* **Work order**
Having located "- Ganni Crystal" in the listing below, write out its line and every following line exactly, last line included, without the pictures.

* **Data provided**

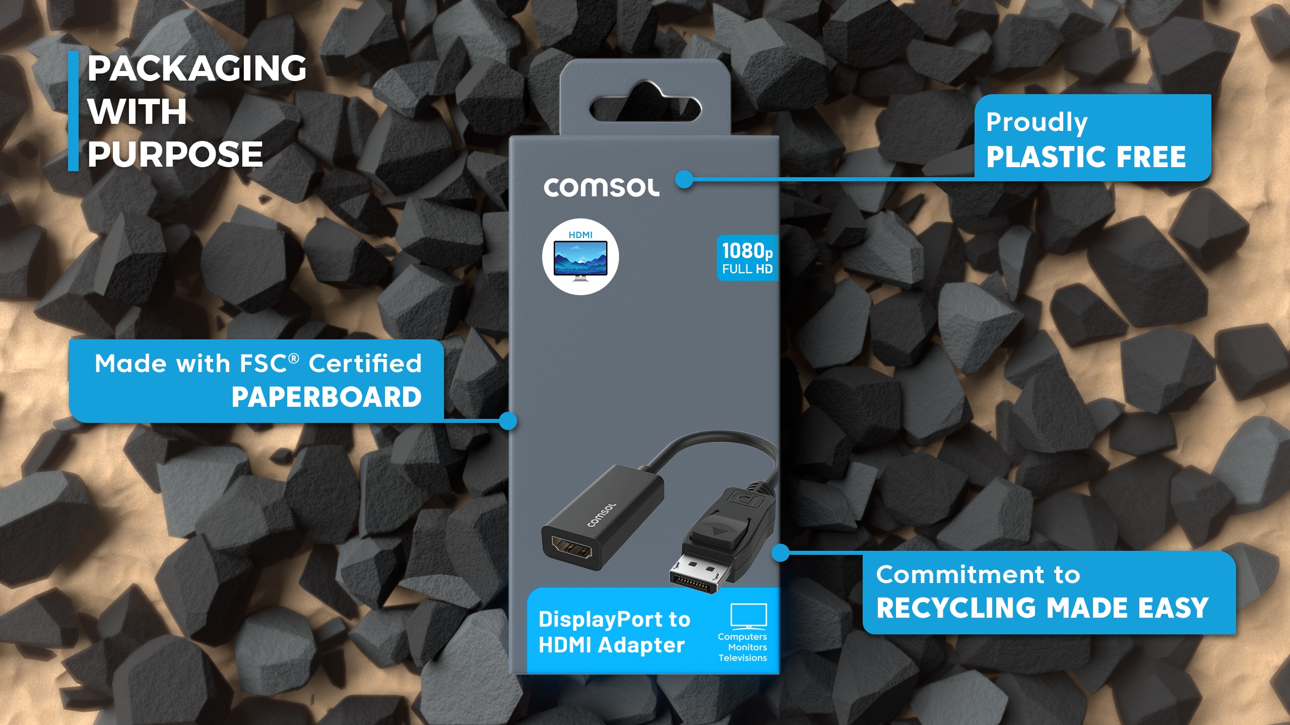 Connect a desktop computer or notebook with a DisplayPort connector to a monitor, projector or HDTV with an HDMI connector.
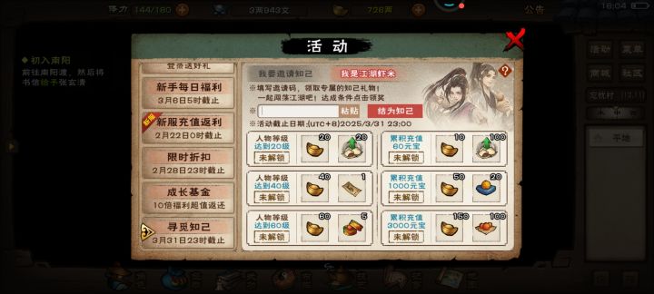 新区开局,推荐60级左右的时候(大约第10天的时候),查阅WIKI百科的支线任务,将声望刷到300点后再直接购买小筑。注意这10天里,每天的采集要弄满。小筑,需等级40级,拥有300点声望,附带耳房图纸。300点声望的时候可以去洛阳(23,17)司户令处直接购买小筑,点击家宅然后点击置办地契,按下左下角的指纹然后取个合适的名字即可成功。这时积分已经成功激活啦,洛阳(23,17)司户令处点击家
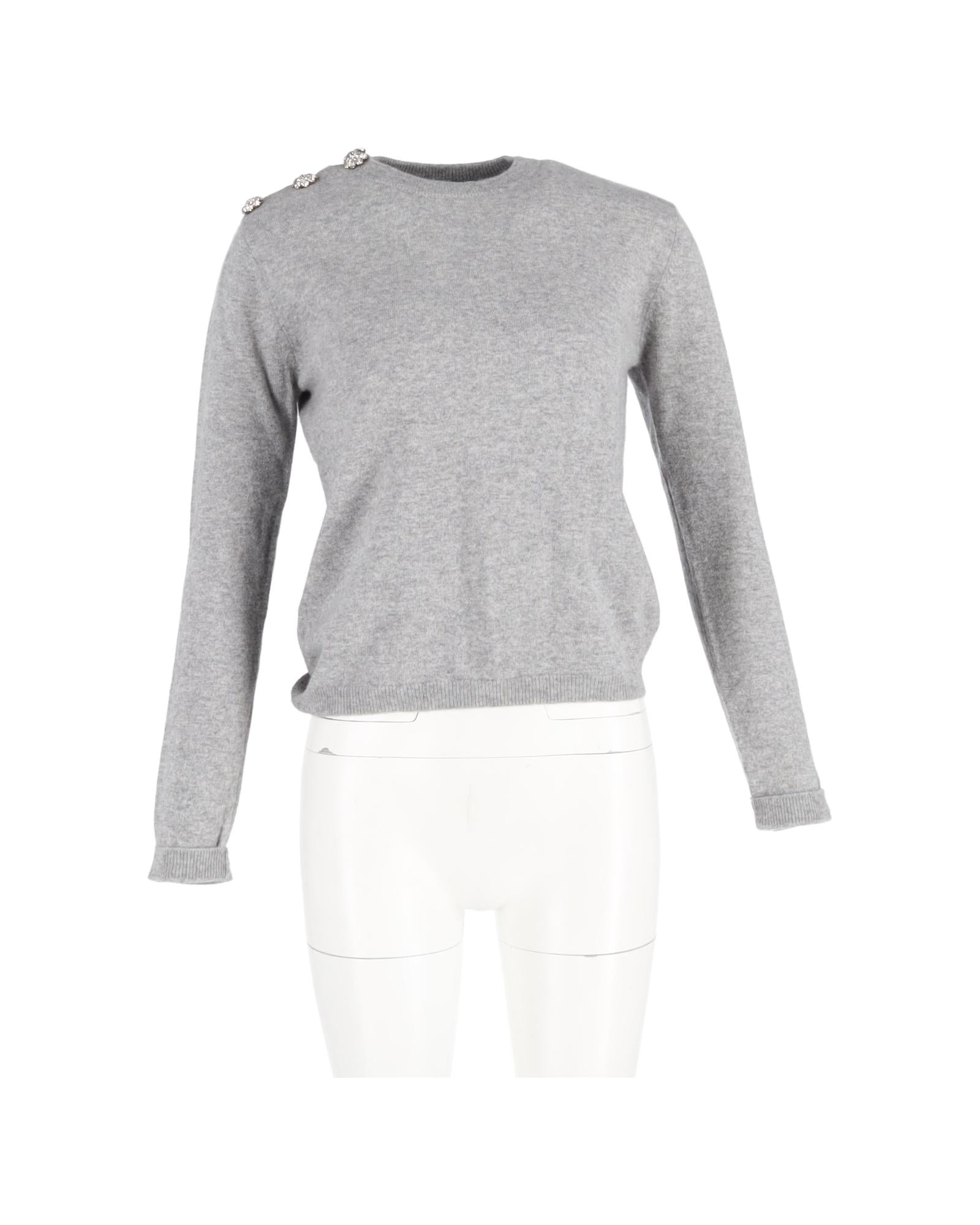 - Ganni Crystal Embellished Jumper in Grey Cashmere
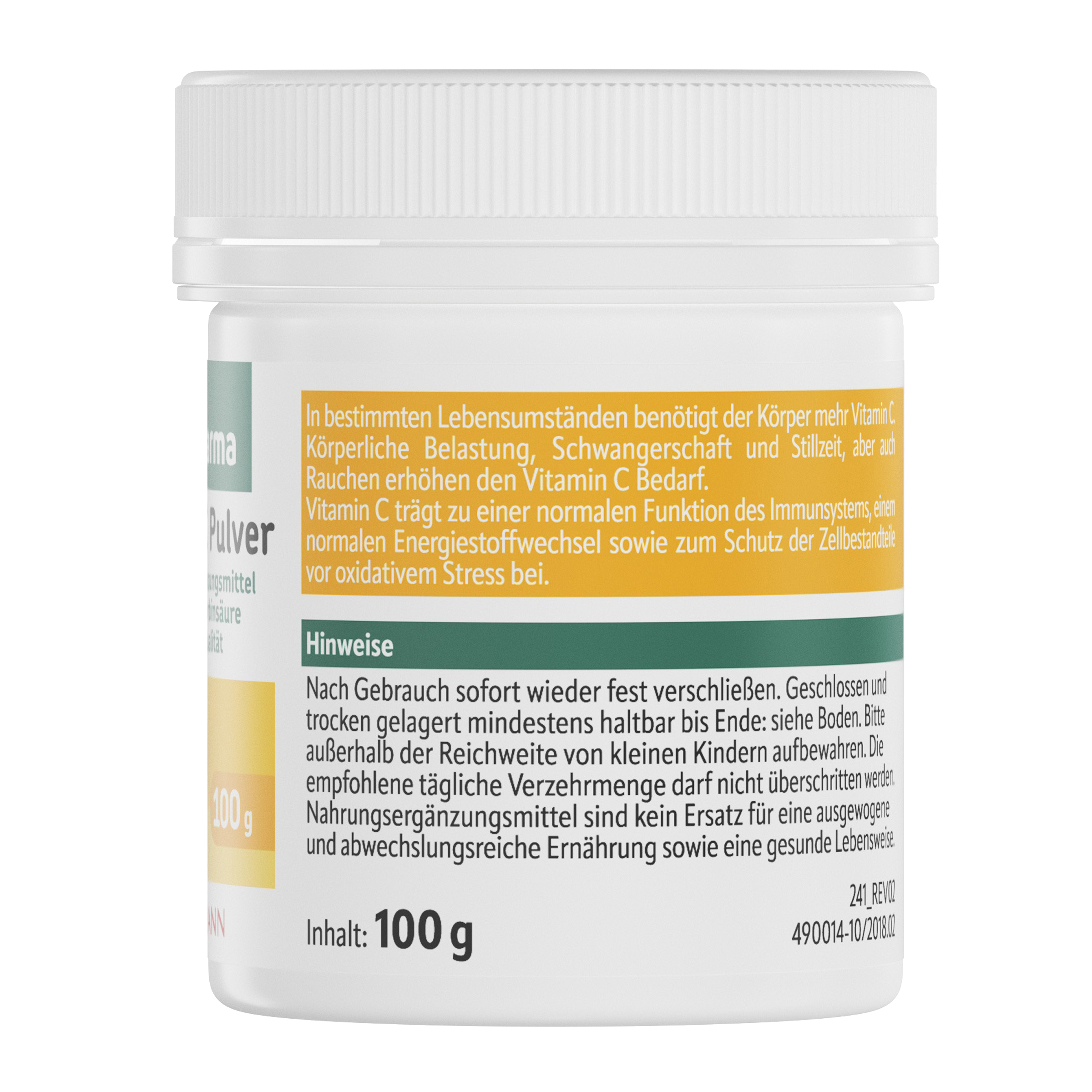 100% kyselina L-askorbová (vitamin C).

* **Solved problem**
 - Ganni Crystal Embellished Jumper in Grey Cashmere
 100% kyselina L-askorbová (vitamin C).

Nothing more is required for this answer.